>>>

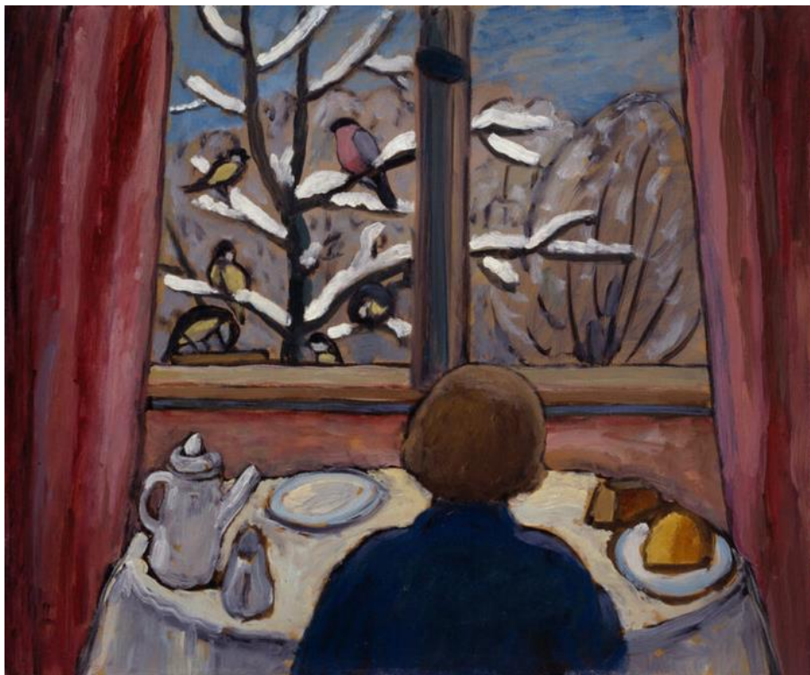
Gabriele Münter : Ontbijt van de vogels 1934.
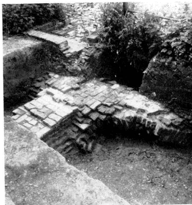
Opgraving 1968. Ontmoetingspunt van het westelijk deel van de ommuring bleekveld met de zuidwesthoek van de middeleeuwse woontoren. Hier tekent zich eveneens de driehoekige overkluizing af.

De afbeeldingen uit het begin van de 17de eeuw – Hessel Gerrits, Buchelius – geven nauwelijks enige informatie over de bouwkundige situatie van wat er daar architectonisch aan de hand is. Dat wil zeggen, hoe het er dan uitziet. De ontwikkeling blijft volstrekt onduidelijk. Er
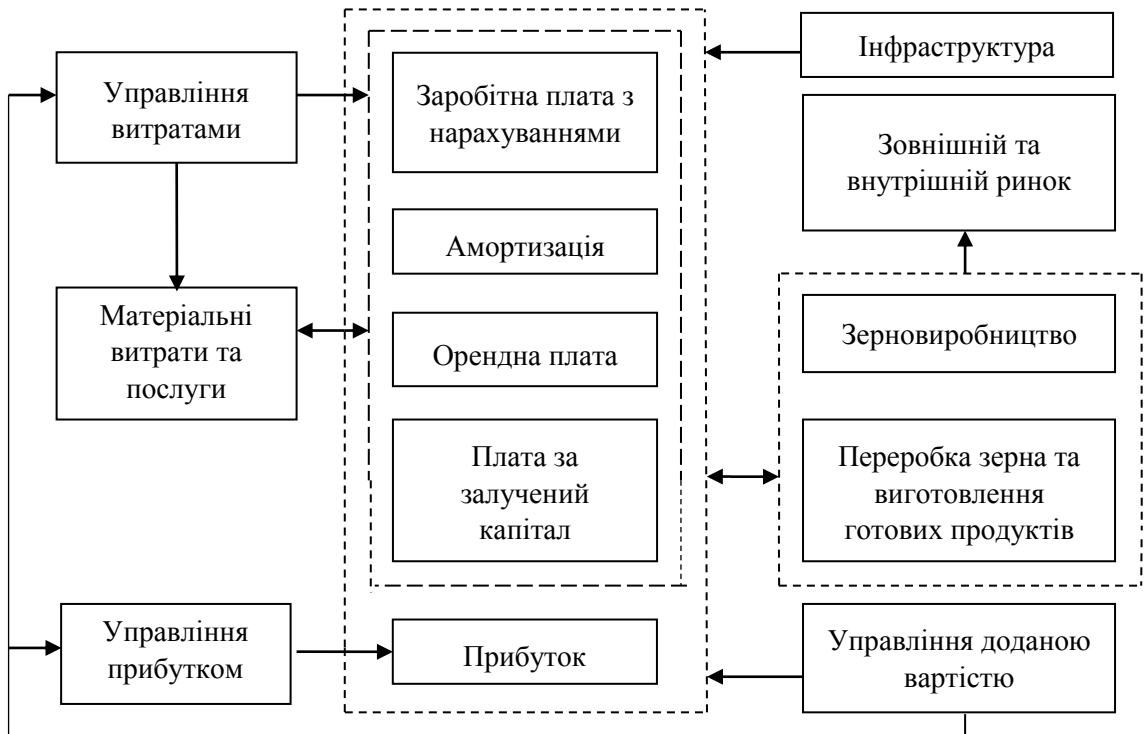
Рис. 2. Загальна схема управління доданою вартістю у виробництві та переробці зерна

оптимального формування таких статей витрат, як заробітна плата та амортизація необхідно постійно удосконалювати управлінські процеси.
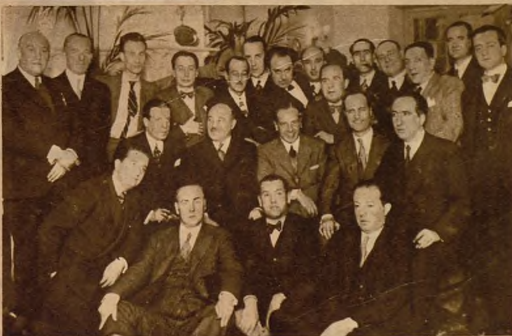
Concurrentes al banquete organizado en honor del cineasta Kuindón por sus numerosos admiradores de Madrid
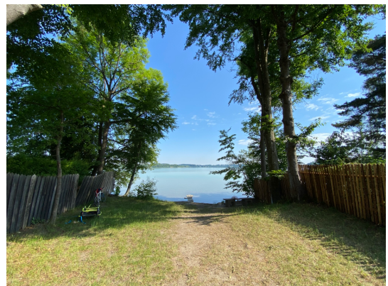
Abb. 7: Öffentlicher Zugang zum Wörthsee.
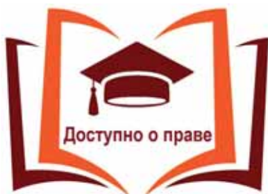
Эмблема регионального проекта «Доступно о праве»
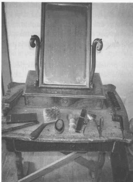
Brivska mizica s priborom iz ene od svečinskih viničarij, sedaj na ogled v vinogradniško-etnološki zbirki na Kopicu na Plaču. Foto: Mojca Ramšak, julij 1996. ♦ Table with shaving gear from one of Svečina's vineyard cottages, now exhibited in the viticulture ethnological collection in Kopica, Plač. Photograph: Mojca Ramšak, June 1996. ♦ Tablette de barbier avec ses accessoires trouvée dans une des maisonnettes de vigneron á Svečina. C'est partie de la collection ethnographique consacrée á la viticulture de Kopica sur Plač. Photo faite par Mojca Ramšak, juillet 1996.
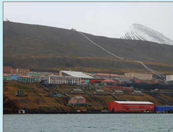
Barentsburg i regnvær. Hus i alle farger her som i Longyearbyen.

Skinbutikken, galleriet i Nybyen og et utall souvenirbutikker ble besøkt og vi fant mer enn nok av fristelser.
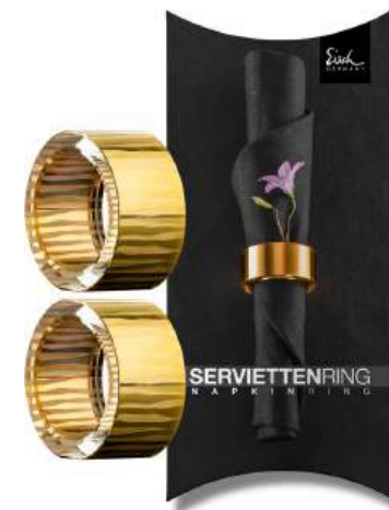
← 2 SERVIETTENRINGE 2 NAPKINRINGS im Geschenkkarton / in gift box 792.905.51 24 mm / 0.9 in Ø 50 mm / 2.0 in 905/50 gold 742/004
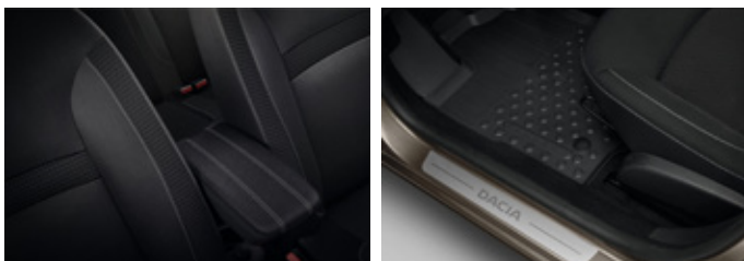
Vízszintes csomagtér háló, első könyöktámasz, gumiszőnyeg 64 990 Ft
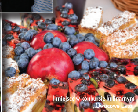
I miejsce w konkursie kulinarnym „Owocowe Lato”
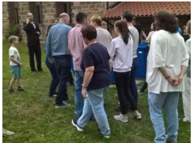
Mitarbeiter*innenfest am 15.06.'18
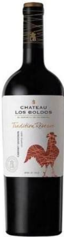
VINO TINTO CHATEAU LOS BOLDOS TRADITION RÉSERVE CABERNET SAUVIGNON X 750 ML CÓDIGO: 3200003
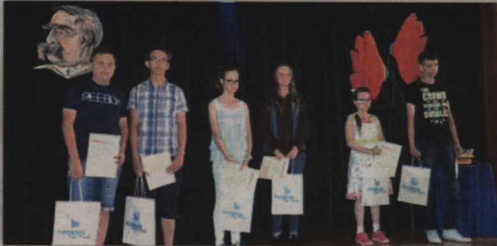
Nagrodzeni w konkursie plastycznym.
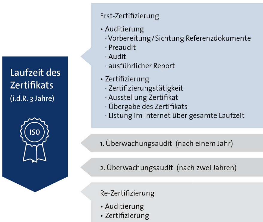
Abbildung 2: Lebenszyklus eines Zertifikats

Nachfolgend ist in Abbildung 2 der Lebenszyklus eines Zertifikates dargestellt.

<<<

Tell how many lines of the listing above contain "Lebenszyklus", giving the number alone.

Result of the exercise >> 2